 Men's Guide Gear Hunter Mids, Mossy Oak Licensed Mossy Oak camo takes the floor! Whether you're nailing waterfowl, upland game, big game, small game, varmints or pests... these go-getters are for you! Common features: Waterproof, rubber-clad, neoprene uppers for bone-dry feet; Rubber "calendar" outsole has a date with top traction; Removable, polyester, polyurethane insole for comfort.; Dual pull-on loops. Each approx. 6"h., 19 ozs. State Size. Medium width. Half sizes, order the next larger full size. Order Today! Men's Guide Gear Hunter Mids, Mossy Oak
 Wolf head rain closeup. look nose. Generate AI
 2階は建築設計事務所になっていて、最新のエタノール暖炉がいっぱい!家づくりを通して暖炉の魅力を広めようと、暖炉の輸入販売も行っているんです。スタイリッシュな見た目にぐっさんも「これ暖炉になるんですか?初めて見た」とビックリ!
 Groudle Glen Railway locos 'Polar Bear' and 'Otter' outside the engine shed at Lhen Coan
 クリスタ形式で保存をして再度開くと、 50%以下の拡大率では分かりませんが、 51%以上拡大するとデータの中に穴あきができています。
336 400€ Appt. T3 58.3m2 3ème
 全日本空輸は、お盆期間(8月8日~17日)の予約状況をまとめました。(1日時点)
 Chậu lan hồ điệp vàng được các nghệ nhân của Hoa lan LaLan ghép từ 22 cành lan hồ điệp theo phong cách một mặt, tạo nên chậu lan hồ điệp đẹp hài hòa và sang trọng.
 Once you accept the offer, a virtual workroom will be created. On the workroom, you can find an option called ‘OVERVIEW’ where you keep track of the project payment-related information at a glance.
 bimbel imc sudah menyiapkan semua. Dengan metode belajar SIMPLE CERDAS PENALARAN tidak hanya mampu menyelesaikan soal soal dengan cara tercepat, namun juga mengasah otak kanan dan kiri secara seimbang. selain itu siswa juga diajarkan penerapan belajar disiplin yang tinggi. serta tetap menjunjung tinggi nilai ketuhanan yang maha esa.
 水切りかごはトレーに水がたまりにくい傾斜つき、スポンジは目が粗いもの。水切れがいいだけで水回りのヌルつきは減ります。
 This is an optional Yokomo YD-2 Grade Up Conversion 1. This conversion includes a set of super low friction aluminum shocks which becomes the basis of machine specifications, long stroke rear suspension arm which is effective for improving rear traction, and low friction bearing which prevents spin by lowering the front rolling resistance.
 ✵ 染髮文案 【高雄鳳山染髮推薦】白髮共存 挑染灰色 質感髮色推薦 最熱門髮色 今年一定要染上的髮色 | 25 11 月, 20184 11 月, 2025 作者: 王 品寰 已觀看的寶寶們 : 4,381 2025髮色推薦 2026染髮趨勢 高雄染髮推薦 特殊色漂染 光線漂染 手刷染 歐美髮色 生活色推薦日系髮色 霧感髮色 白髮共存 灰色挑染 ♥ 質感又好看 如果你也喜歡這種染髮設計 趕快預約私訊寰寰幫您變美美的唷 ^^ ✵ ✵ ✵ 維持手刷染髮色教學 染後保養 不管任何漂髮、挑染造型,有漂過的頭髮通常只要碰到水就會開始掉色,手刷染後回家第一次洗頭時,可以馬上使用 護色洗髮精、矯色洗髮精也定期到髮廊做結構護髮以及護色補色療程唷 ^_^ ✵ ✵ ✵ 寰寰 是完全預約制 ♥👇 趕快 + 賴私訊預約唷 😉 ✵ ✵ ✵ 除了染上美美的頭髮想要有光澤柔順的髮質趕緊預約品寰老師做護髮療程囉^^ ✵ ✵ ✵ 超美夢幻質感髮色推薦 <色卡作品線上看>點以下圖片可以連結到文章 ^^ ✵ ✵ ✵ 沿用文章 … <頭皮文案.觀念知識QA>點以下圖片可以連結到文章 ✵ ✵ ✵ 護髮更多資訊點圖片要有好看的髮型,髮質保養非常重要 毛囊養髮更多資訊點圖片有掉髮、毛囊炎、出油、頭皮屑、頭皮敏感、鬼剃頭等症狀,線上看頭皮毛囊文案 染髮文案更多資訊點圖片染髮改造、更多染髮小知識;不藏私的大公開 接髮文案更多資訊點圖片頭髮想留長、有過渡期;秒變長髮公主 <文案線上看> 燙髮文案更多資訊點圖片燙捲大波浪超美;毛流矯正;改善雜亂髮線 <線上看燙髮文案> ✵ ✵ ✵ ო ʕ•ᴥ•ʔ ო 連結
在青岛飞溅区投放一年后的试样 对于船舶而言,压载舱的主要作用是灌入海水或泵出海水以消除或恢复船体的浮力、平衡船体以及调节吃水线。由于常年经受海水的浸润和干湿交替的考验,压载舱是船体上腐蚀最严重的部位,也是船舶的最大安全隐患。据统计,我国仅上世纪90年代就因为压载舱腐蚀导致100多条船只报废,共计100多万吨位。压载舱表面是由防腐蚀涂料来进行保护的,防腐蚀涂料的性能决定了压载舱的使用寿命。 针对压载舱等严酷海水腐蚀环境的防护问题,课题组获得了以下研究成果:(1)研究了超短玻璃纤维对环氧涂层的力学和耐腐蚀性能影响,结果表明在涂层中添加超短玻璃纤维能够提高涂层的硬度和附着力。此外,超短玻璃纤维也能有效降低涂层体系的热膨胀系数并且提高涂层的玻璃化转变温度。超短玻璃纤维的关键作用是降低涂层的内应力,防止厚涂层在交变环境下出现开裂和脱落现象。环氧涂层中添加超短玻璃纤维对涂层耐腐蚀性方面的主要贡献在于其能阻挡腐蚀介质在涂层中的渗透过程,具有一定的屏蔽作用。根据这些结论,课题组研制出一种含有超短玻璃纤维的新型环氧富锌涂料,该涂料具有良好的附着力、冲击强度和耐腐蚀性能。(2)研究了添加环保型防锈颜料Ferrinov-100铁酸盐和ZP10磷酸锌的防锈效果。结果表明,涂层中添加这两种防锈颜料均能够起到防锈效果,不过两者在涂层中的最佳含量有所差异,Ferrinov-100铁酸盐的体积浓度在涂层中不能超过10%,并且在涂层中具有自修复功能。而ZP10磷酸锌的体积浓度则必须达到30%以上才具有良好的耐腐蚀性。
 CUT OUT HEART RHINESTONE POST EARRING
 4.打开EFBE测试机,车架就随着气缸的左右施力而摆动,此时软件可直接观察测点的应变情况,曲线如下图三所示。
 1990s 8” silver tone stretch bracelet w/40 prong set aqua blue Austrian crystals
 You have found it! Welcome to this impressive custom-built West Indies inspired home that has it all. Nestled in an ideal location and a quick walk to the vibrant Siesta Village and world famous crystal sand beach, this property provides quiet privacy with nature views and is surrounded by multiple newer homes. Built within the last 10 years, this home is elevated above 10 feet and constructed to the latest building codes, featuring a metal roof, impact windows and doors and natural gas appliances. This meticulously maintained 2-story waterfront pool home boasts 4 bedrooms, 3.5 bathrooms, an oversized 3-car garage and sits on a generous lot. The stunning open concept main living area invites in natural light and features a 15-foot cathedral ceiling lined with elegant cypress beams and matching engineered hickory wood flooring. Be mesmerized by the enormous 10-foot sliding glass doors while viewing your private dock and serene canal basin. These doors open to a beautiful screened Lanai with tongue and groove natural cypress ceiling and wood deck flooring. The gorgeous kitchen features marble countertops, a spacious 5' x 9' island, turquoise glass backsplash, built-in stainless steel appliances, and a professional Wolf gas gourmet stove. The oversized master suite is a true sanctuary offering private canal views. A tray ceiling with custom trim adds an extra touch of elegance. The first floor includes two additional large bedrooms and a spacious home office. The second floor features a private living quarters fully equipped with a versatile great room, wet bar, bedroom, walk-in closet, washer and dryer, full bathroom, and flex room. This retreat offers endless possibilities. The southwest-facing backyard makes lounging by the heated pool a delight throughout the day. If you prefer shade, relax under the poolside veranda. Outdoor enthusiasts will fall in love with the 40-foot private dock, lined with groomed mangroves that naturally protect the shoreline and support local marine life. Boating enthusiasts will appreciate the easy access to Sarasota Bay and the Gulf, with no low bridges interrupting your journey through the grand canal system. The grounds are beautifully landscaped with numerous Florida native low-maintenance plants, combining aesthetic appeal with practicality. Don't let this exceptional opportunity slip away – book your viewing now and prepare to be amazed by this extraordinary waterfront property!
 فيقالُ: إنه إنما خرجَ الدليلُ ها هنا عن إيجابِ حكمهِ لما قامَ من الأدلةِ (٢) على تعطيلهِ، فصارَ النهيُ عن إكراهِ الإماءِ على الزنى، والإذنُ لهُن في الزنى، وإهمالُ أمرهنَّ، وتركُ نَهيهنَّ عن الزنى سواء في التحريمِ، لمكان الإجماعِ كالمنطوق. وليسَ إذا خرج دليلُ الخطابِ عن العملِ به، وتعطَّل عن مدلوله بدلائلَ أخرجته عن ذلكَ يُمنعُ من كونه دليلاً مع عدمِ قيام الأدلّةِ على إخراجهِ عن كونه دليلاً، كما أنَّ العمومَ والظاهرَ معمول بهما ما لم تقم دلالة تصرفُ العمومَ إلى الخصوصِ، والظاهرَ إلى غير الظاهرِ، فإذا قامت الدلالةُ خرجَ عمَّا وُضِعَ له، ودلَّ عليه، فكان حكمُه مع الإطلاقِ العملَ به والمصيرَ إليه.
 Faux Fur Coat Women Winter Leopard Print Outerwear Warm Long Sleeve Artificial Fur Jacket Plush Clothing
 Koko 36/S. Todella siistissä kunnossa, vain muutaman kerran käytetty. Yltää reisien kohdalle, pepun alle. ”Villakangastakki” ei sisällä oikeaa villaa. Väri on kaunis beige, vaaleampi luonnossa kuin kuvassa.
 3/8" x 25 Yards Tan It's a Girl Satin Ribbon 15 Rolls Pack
□ □ □ □ □ □ □
Exercise goal: Retype, in the same exact form, the lines of the material above from the line holding "水切りかごはトレーに水がたま" through the line holding "This is an optional".

Response box:
 水切りかごはトレーに水がたまりにくい傾斜つき、スポンジは目が粗いもの。水切れがいいだけで水回りのヌルつきは減ります。
 This is an optional Yokomo YD-2 Grade Up Conversion 1. This conversion includes a set of super low friction aluminum shocks which becomes the basis of machine specifications, long stroke rear suspension arm which is effective for improving rear traction, and low friction bearing which prevents spin by lowering the front rolling resistance.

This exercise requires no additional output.